Mohammed-Video: Schauspielerin scheitert mit Löschversuch
Aufgrund ihrer Rolle in dem Mohammed-Video "Innocence of Muslims" hat eine Schauspielerin Morddrohungen erhalten. Sie wollte den Film sperren lassen - vergeblich. Der Film bleibt in vielen Ländern unverändert online.
Hamburg - Auszüge aus dem Film "Innocence of Muslims" bleiben auch weiterhin auf YouTube zu sehen. Wie die "Los Angeles Times" berichtet, wollte eine der Schauspielerinnen, Cindy Lee Garcia, erreichen, dass YouTube diejenigen Szenen aus dem Film schneidet, in denen sie auftritt. Der Richter lehnte ab, mit der Begründung, dass Garcia mit ihrer Klage wohl nicht erfolgreich sein werde.

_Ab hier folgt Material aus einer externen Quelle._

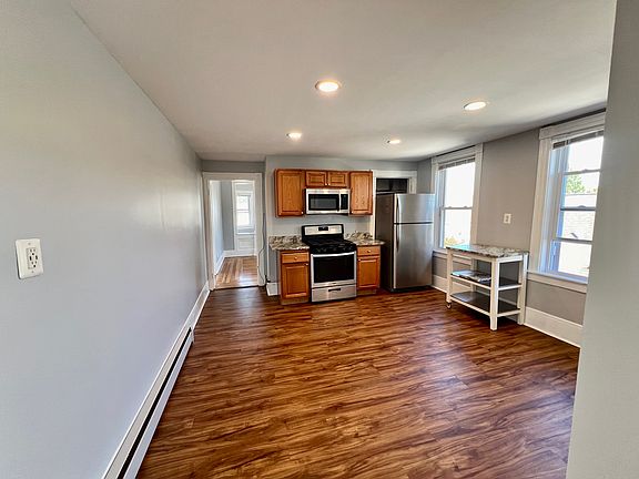 Heat, gas and hot water included. Stainless steel appliances. Large eat-in kitchen, dining room, ceiling fans in all bedrooms. Coin-op laundry in basement. Minutes from shopping and commuter rail. 2 parking spots off street. Please note layouts and colors will differ from pictures as they are for illustration purposes only. Heat, gas and hot water included. Stainless steel appliances. Large eat-in kitchen, dining room, ceiling fans in all bedrooms. Coin-op laundry in basement. A one time non-refundable deposit of $300 pet deposit required. 12 month lease which automatically turns to month to month after lease ends. Please note that Images may not reflect final appearance of apartment.
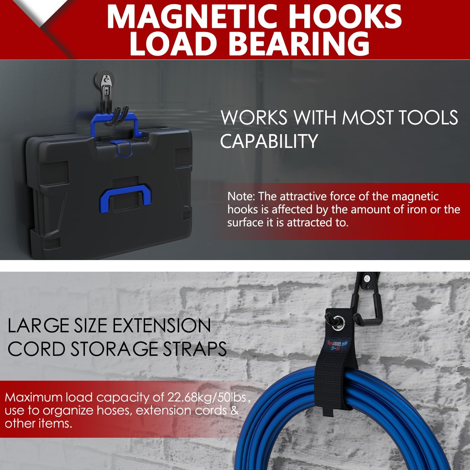 - Multi-functional Hook Magnets Heavy Duty: Your package includes 4 large J magnetic storage hooks, 2 extension cord organizer, and a comprehensive set of accessories comprising steel nails, flat washers, spring washers, and screws. For added convenience, the magnetic tool holder is accompanied by storage straps made of high-density nylon blend material with Velcro fastening, allowing for easy length adjustment and the hanging of various tools

YouTube selbst weigert sich, den Film zu sperren. Auf eine Bitte des Weißen Hauses zu überprüfen, ob das Video den Richtlinien der Videoplattform entspreche, gab es eine klare Antwort: "Der Film entspricht voll und ganz unseren Richtlinien und wird deswegen auch weiterhin zu sehen sein."

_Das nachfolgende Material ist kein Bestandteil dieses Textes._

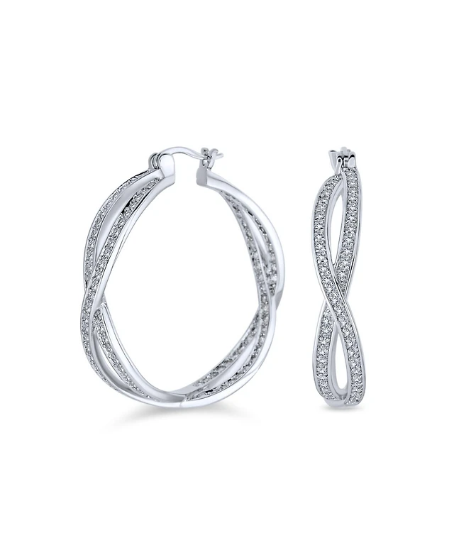 Bling Jewelry Black Pave Cz Cubic Zirconia Micro Pave 2 Row Huggie Hoop Earrings Cubic Zirconia Ip Black Sterling Silver .30 Diameter
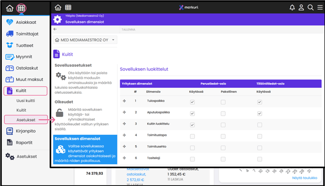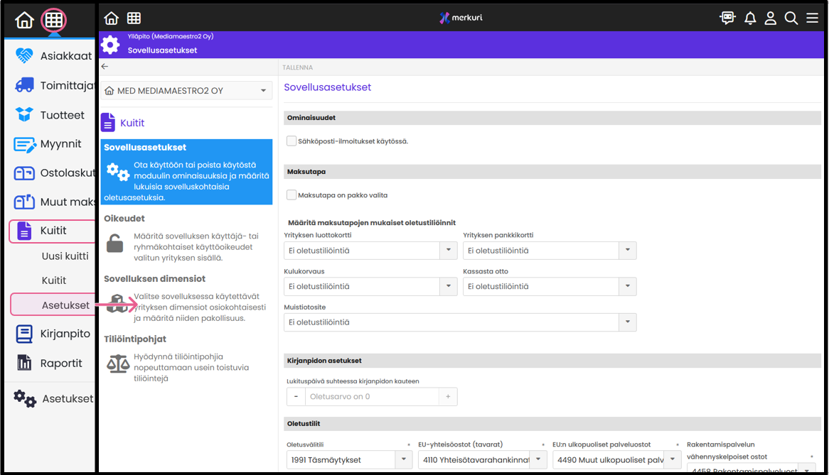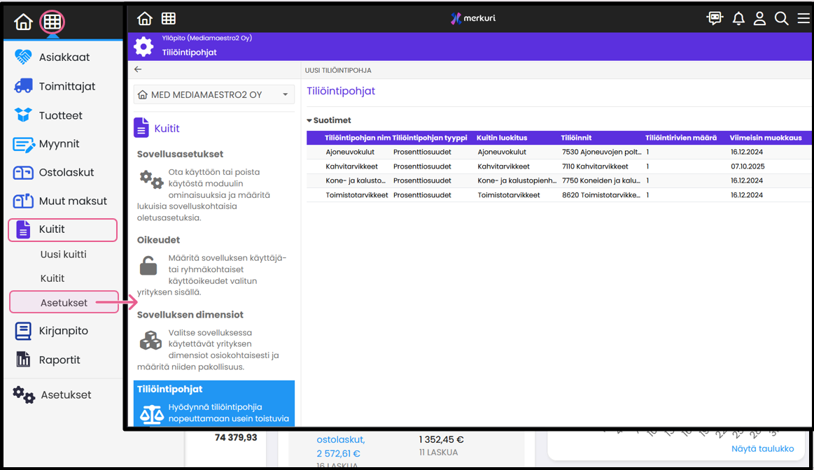 Valitse Kuitit Asetukset Tiliöintipohjat

Zumindest in den USA. Denn in einigen Staaten, darunter Ägypten und Libyen, ist der Film nicht länger zu sehen. Das Machwerk hat für wütende Proteste in der muslimischen Welt gesorgt.
Garcia sagt, dass sie aufgrund ihrer Filmrolle sowohl ihren Job verloren als auch mehrere Todesdrohungen erhalten habe. Eigenen Angaben zufolge hat sie zuvor als Schauspielerin und in der Kinderbetreuung gearbeitet. Außerdem dürfe sie ihre Enkelkinder nicht mehr sehen, offenbar weil deren Eltern ihre Gegenwart für eine potentielle Gefahrenquelle halten.
In einem Interview mit dem Branchenblatt "The Hollywood Reporter" hatte Garcia zuvor außerdem betont, dass keiner der Schauspieler über den tatsächlichen Inhalt des Films aufgeklärt worden sei. Der Produzent des Films, Nakoula Bassely Nakoula, ist derzeit nicht auffindbar, auch die Klage Garcias konnte ihm bislang offenbar nicht zugestellt werden. Er hatte den Darstellern offenbar glaubhaft gemacht, sie spielten in einem Abenteuerfilm mit dem Titel "Desert Warrior" mit. Die Szene, in der die von ihr gespielte Person den Propheten beleidigt, sei im Nachhinein synchronisiert worden, sagte Garcia. Sie selbst habe nie den Namen Mohammed gesagt, sondern, drehbuchgemäß, "Master George".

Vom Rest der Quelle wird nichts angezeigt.